On a small chip on the motherboard, we have a piece of firmware called the BIOS (Basic Input Output System). Simply put, firmware is software for hardware. The BIOS plays a pivotal role in the booting process as it is responsible for loading the operating system into RAM. Nowadays however, the BIOS has been replaced with a more modern firmware called UEFI (Unified Extensible Firmware Interface). We will cover this in more detail when explaining the booting process.
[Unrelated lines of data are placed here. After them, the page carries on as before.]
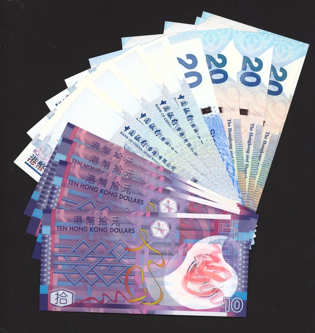 (x) Hong Kong, a group of interesting matching number sets, including HSBC $20 (2) serial numbers 690213, $20 (2) serial numbers 280088, Standard Chartered $20 (2) serial numbers 975229, Hong Kong Government, polymer $10 (3) serial numbers 007041, $10 (2) serial numbers 005202, Bank of China 2009, $20 (3) serial numbers 819379, $20 (2) serial numbers 819973,
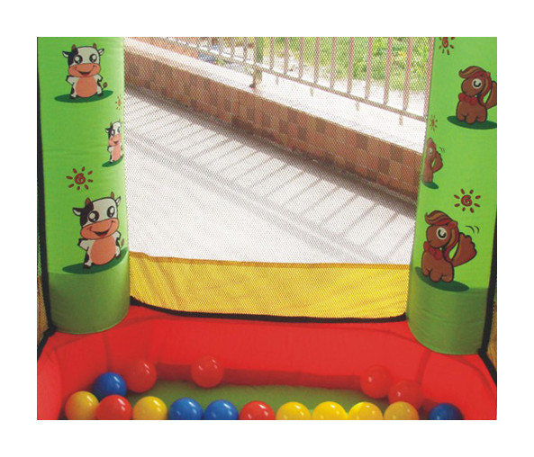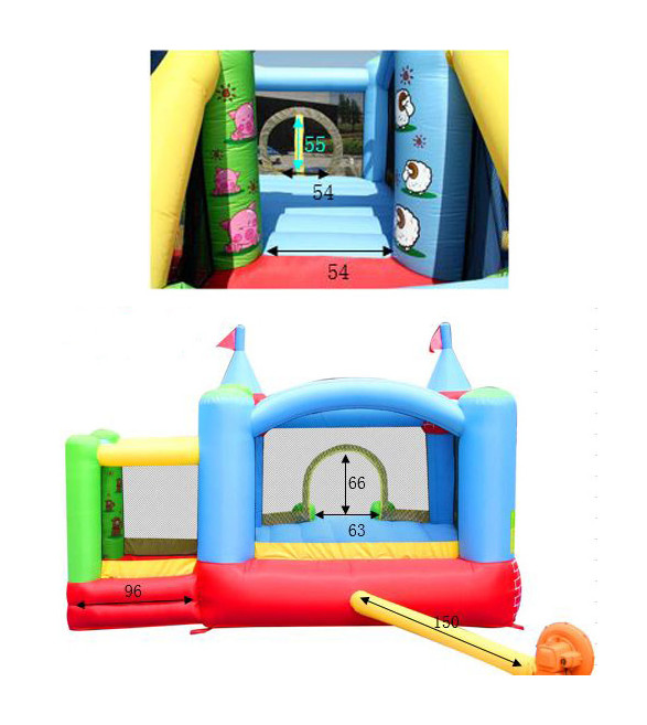 Castello completo di scivolo e vasca per palline (include 30 palline in plastica), canestro, salterello e scivolo inoltre ha dei fantastici disegni di diversi animali carini della fattoria sui 4 pilastri interni.
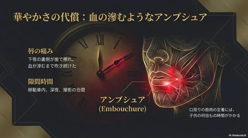 しかし、弦楽器の指先の痛みと、管楽器の「唇の痛み」は次元が全く異なります。
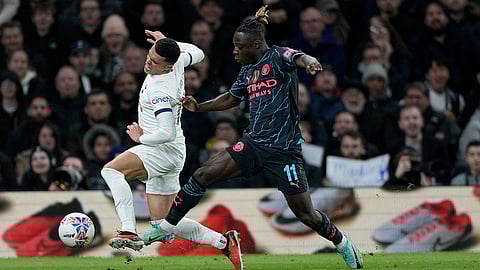 Manchester City's Jeremy Doku, right, and Tottenham's Pedro Porro battle for the ball during the English FA Cup fourth round soccer match between Tottenham Hotspur and Manchester City in London.
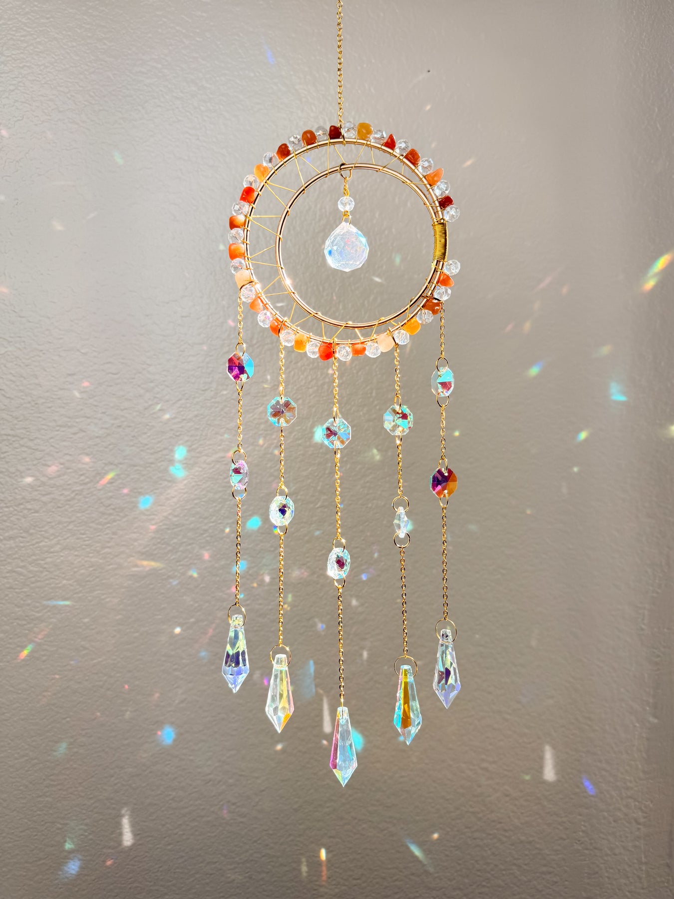 Wishfall is a delicate, handcrafted suncatcher inspired by falling stars and whispered dreams. This piece captures sunlight and transforms it into shimmering rainbows. It suggests that every glimmer and sparkle from the suncatcher carries a wish waiting to come true. It’s romantic, a little magical, and full of hope.
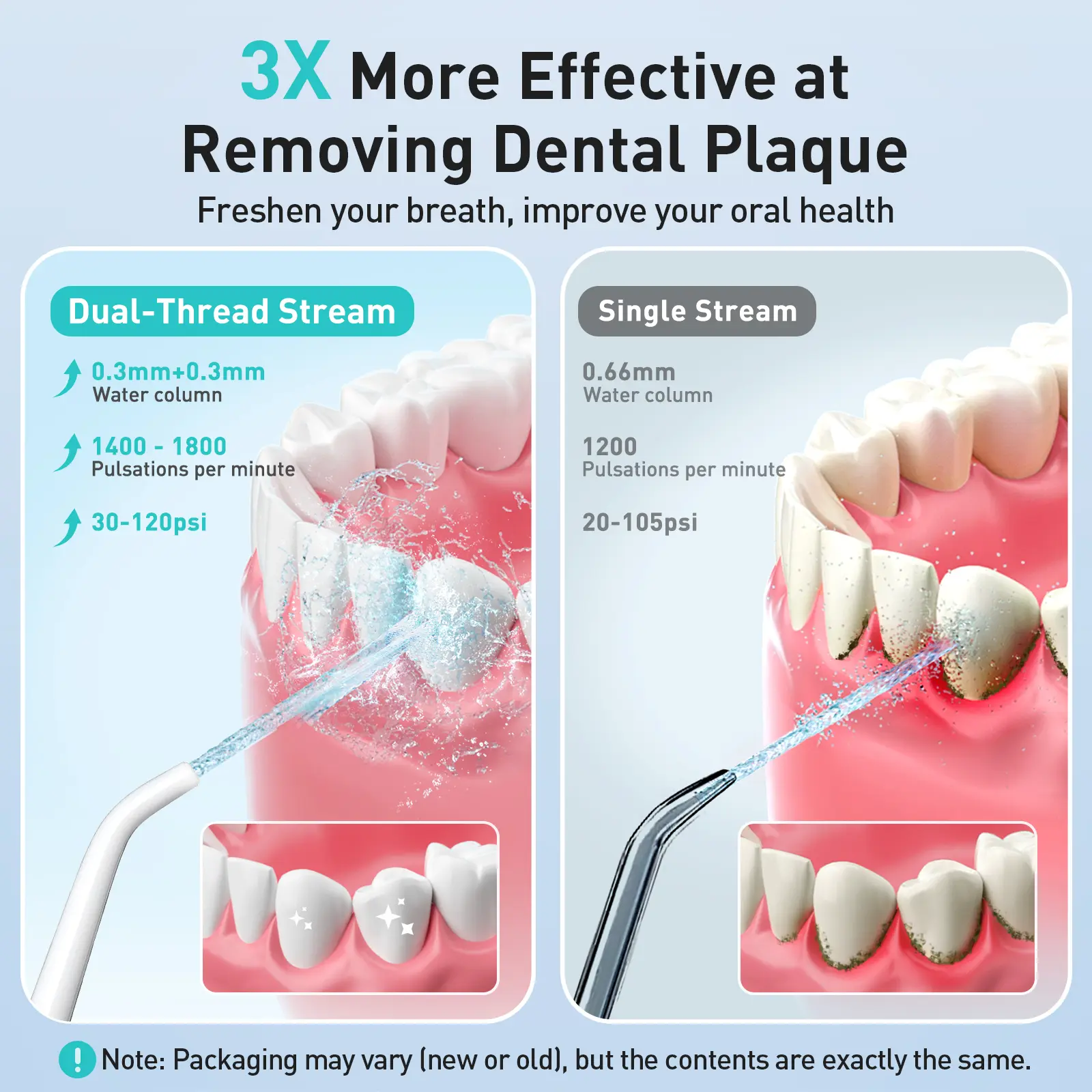 The Coslus CX20 Water Flosser featuring 0.3mm+0.3mm dual-thread high-frequency pulse technology, it delivers 1500-1850 high-pressure water pulses per minute, effortlessly rinsing away hidden plaque and achieving deep cleaning that manual brushing can't reach.
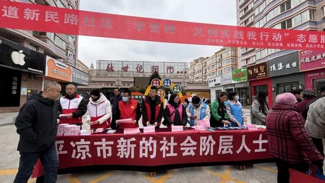 新传媒在线网讯 3月5日下午,平凉市新的社会阶层人士联谊会和崆峒区中街街道办事处所辖社区等16个单位联合开展“学雷锋·文明实践我行动”志愿者主题活动,平凉市新的社会阶层人士联谊会副会长赵杰、副会长兼秘书长丁海博出席。
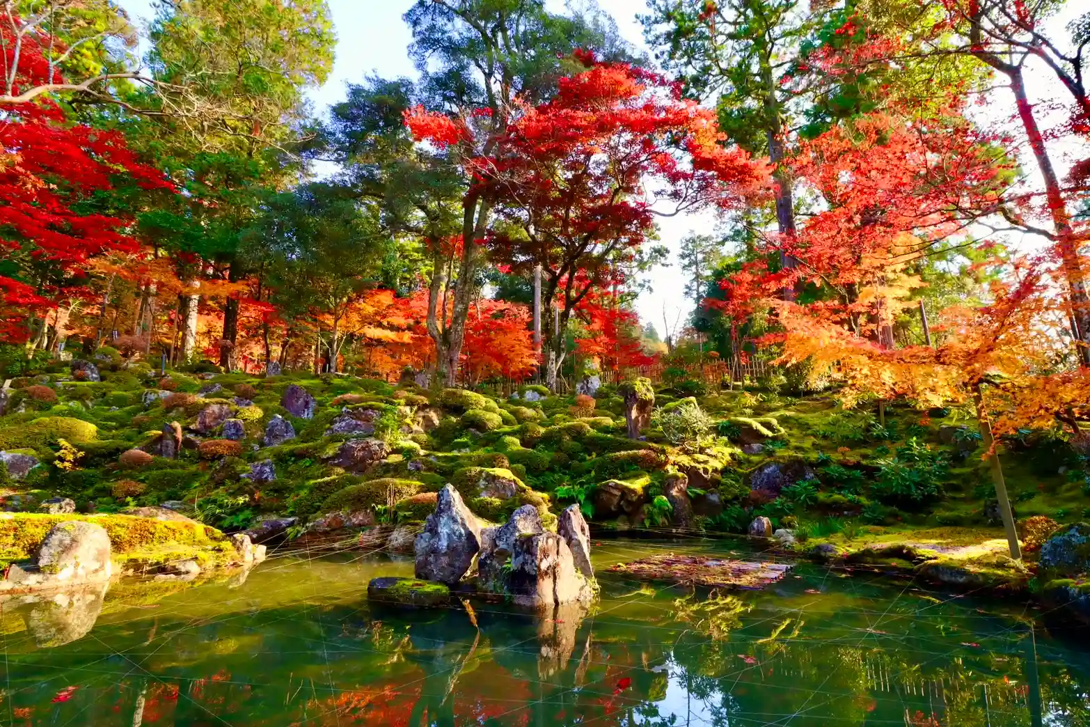 続いて西明寺。こちらも紅葉の名所湖東三山の一つです。苔の緑がとてもきれいで1,000本にも及ぶ赤や黄色の紅葉を引き立てます。本当に素晴らしい!癒し度MAXです。

Another important detail to understand is how a hard disk drive is structured. In our HDD, we have a primary partition which is where the operating system is stored. The secondary partition is where all other data such as files is stored. Multiple primary partitions can be created. There are usually two primary partitions in a hard disk drive. One is called the GPT (GUID Partition Table) partition which is where the “bootloader” is stored – firmware that is responsible for booting a computer. Then the other primary partition stores the host operating system.
Typically when booting is explained, the MBR (Master Boot Record) partition is brought up. MBR is the antiquated version of GPT, similar to how BIOS is the antiquated version of UEFI. MBR is a type of boot sector at the beginning of the hard disk drive that contains information on how the disk is partitioned as well as code that can load the operating system into RAM.
A typical boot sequence goes as follows:
1. The CPU talks to the BIOS and tells it to begin the booting process.
2. The BIOS runs a POST (Power-On Self-Test) to initialise hardware.
3. The BIOS loads the MBR/GPT into RAM.
4. The BIOS runs the MBR/GPT code that loads the OS into RAM.
5. The OS initialises itself and loads device drivers, finalising the link between the hardware and the OS. From here on out, any data from the hard disk drive is moved into RAM by the OS.
My notes for this post were quite untidy and I became very complacent trying to organise it, but I have finally finished and written it to a reasonable standard I hope. I learnt a lot reading about all of these topics. And it all stemmed from going down a rabbit-hole after reading the title of an article about the LogoFAIL vulnerability!